There were several potential limitations for the present study. Firstly, this study was performed in a single hospital, which restricted the generalizability, although it can facilitate consistency of evaluation. Additionally, external validation is necessary. Secondly, due to the difficulty in identifying an external group, we are unable to validate our findings in an independent population. Thirdly, only cancer-specific mortality was analyzed in this study, because information on deaths from causes other than digestive tract cancers is incomplete, which precludes further competing risk analysis. Fourthly, patients were exclusively enrolled from a southern city in China, which restricted racial or ethnical extrapolation.

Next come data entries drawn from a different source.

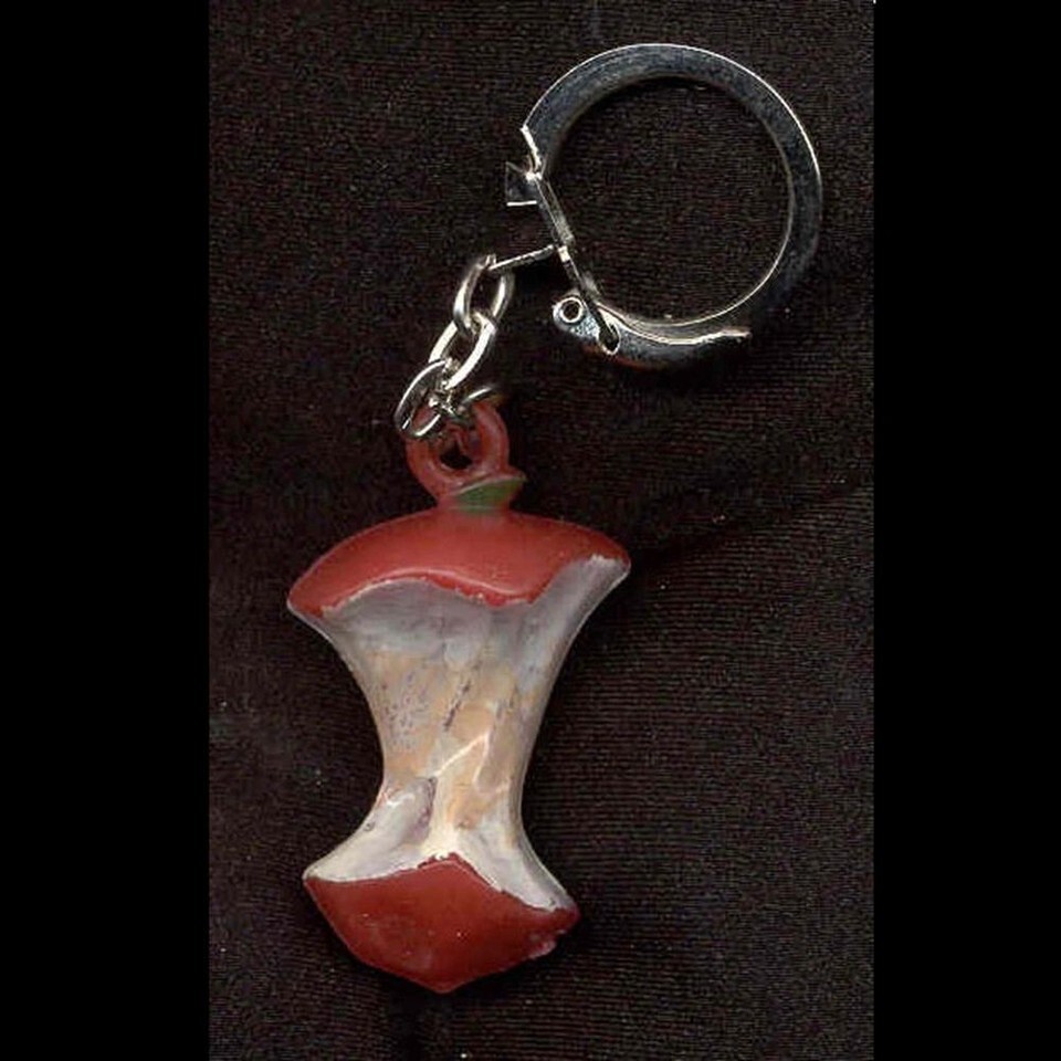 Retro APPLE CORE KEYCHAIN Vintage Food Fruit Charm Funky Novelty Jewelry-HUGE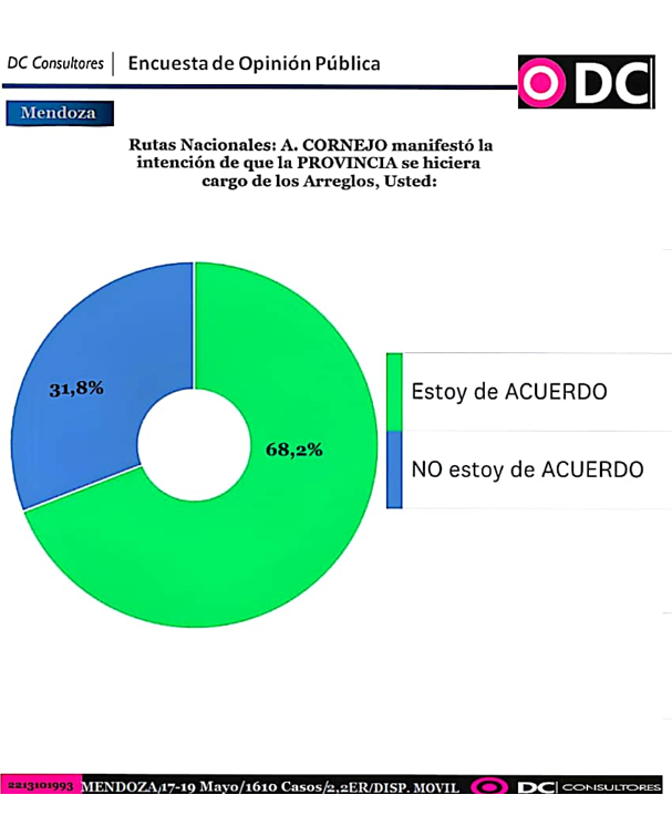 Otro dato relevante se desprende en cuanto a la decisión de Cornejo de hacerse cargo de los arreglos de las rutas nacionales dentro de la provincia. Un 68.2% de los mendocinos está de acuerdo con esa acción.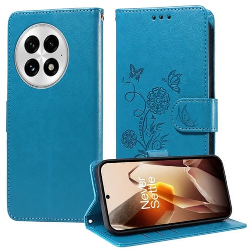 Funda de Cuero para OnePlus 13 con Diseño de Mariposas y Flores en Relieve (Azul)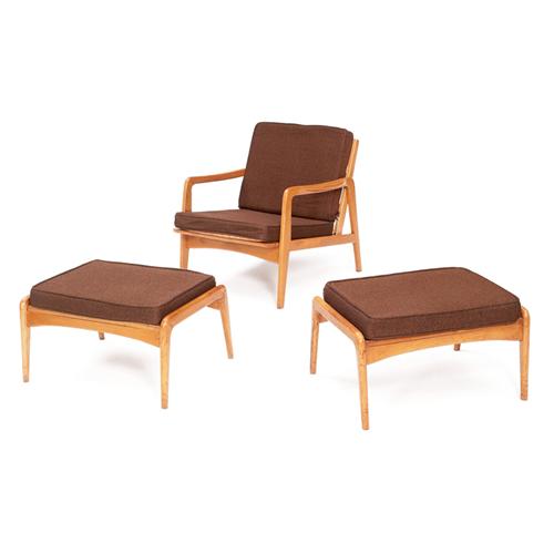 1950s Italian Modern chair and two ottomans, made in Italy, maker unknown, blond wood frame with loose cushions, each stamped "Made in Italy", original finish, chair: 27.5"w x 29"d x 30"h, ottoman: 25"w x 18"d x 14.5"h, fair condition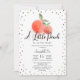Cette mignonne invitation de baby shower virtuel/zoom/en ligne fille présente un arrière - plan blanc avec une paire de pêches en aquarelle encadrée par des points aléatoires en faux or bronze. L'envers est doté d'un arrière - plan rose clair avec des points aléatoires. Personnalisez-vous pour répondre à vos besoins. Vous pouvez trouver d'autres produits correspondants dans mon magasin.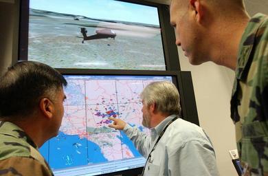 Keywords: US Navy 040124-N-6027E-002 Mr. Randy Kubic, center, shows Air Force Col. Richard Davila, left, and Army Maj. Matt Spruill, the Joint Semi-automated Forces Ground Truth picture.jpg en U S Joint Force Command USJFCOM Suffolk Va Jan 24 2004 Mr Randy Kubic center shows Air Force Col Richard Davila left and Army Maj Matt Spruill the Joint Semi-automated Forces Ground Truth picture during an exercise for the Western Range Joint National Training Capability JNTC Horizontal Training Event 04-1 The exercise involves all four military services across the United States and is designed to improve joint training at the tactical level U S Navy photo by Chief Journalist Kevin Elliott RELEASED 040124-N-6027E-002 Navy http //www navy mil/view_image asp id 11561 U S Navy photo by Chief Journalist Kevin Elliott PD-USGov-Military-Navy Unified Combatant Commands Suffolk Virginia Military exercises |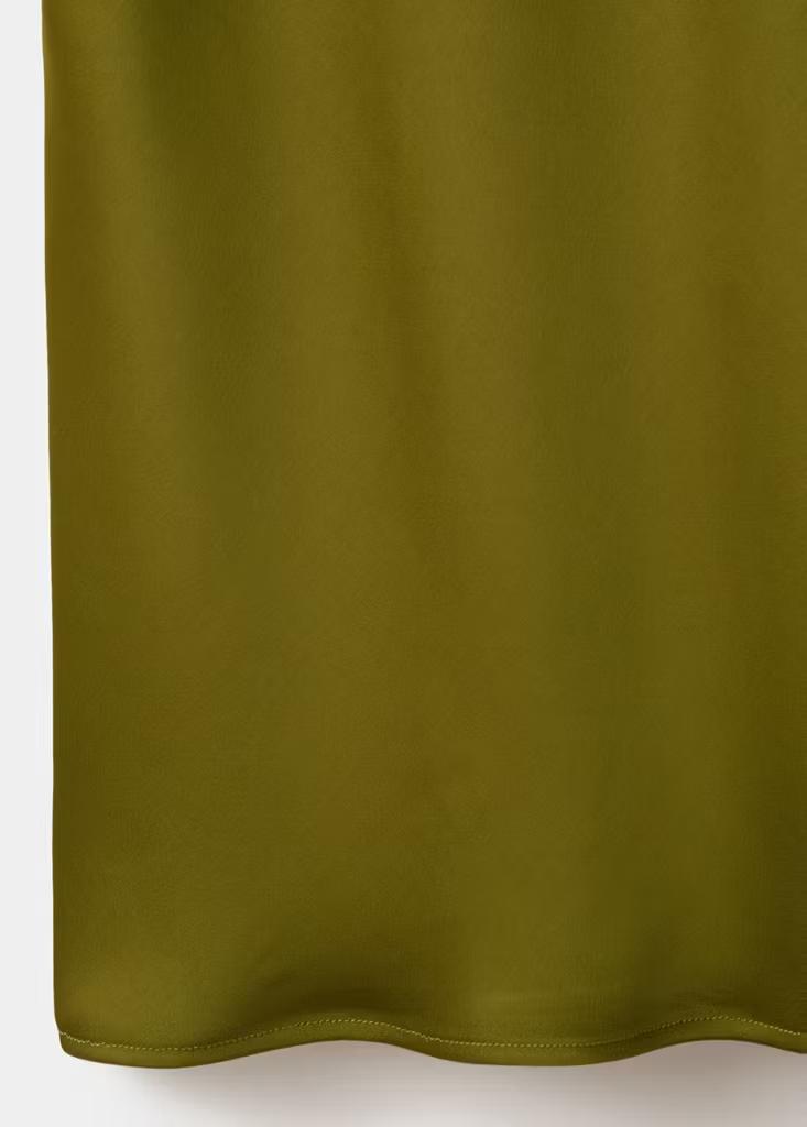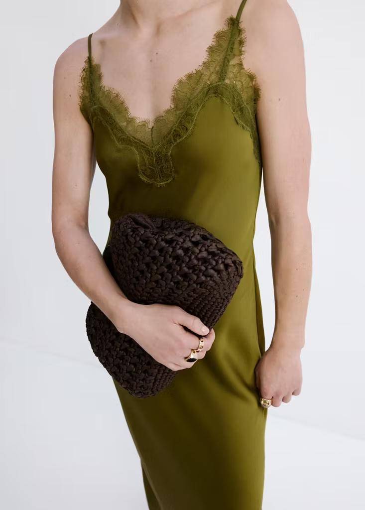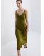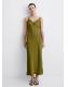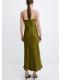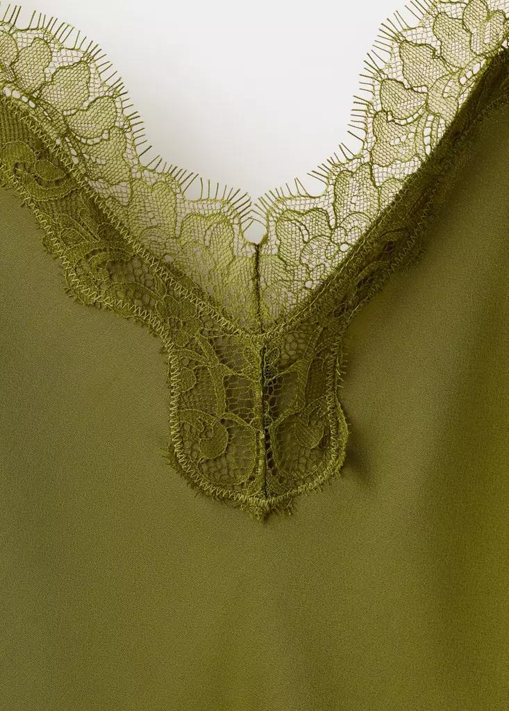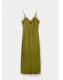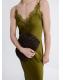 Tejido satinado. Diseño largo. Diseño entallado. Cuello pico. Panel de encaje en el cuello. Sin mangas. Tirantes finos. Sin cierre. Forro interior

Fifthly, the recruitment period was as long as 10 years, during which the advances in surgical therapies might introduce a possible bias and impact the prognosis of patients due to time effect.

Taken together, our findings indicate that preoperative INP, as an inflammation-related index, is a significant independent predictor for postoperative cancer-specific mortality in patients with digestive tract cancers overall and by cancer sites in Chinese. For practical reasons, data from this study may provide basic evidence that patients with digestive tract cancers especially GC who have elevated INP based on the optimal cutting points of NLR and PLR, presumably need close monitoring for prolonging survival and improving quality of life after the surgery, and are thus of significant clinical value.

Ethics Statement

All procedures followed were in accordance with the ethical standards of the responsible committee on human experimentation and with the Helsinki Declaration of 1964 and later versions. Informed consent to be included in the study, or the equivalent, was obtained from all patients.

Author Contributions

DH, FP, and WN planned and designed the study, and directed its implementation. FP, DH, JL, and XZhe drafted the protocol. DH, XL, HZ, and YX obtained statutory and ethics approvals. DH, XL, HZ, and YX contributed to data acquisition. XZha, JJ, and WN conducted statistical analyses. WN, DH, FP, JJ, JL, and XZhe had access to all raw data. XZha, FP, DH, and WN did the data preparation and quality control. XZha, FP, JJ, and WN wrote and revised the manuscript. All authors read and approved the final manuscript prior to submission.

Conflict of Interest Statement

The authors declare that the research was conducted in the absence of any commercial or financial relationships that could be construed as a potential conflict of interest.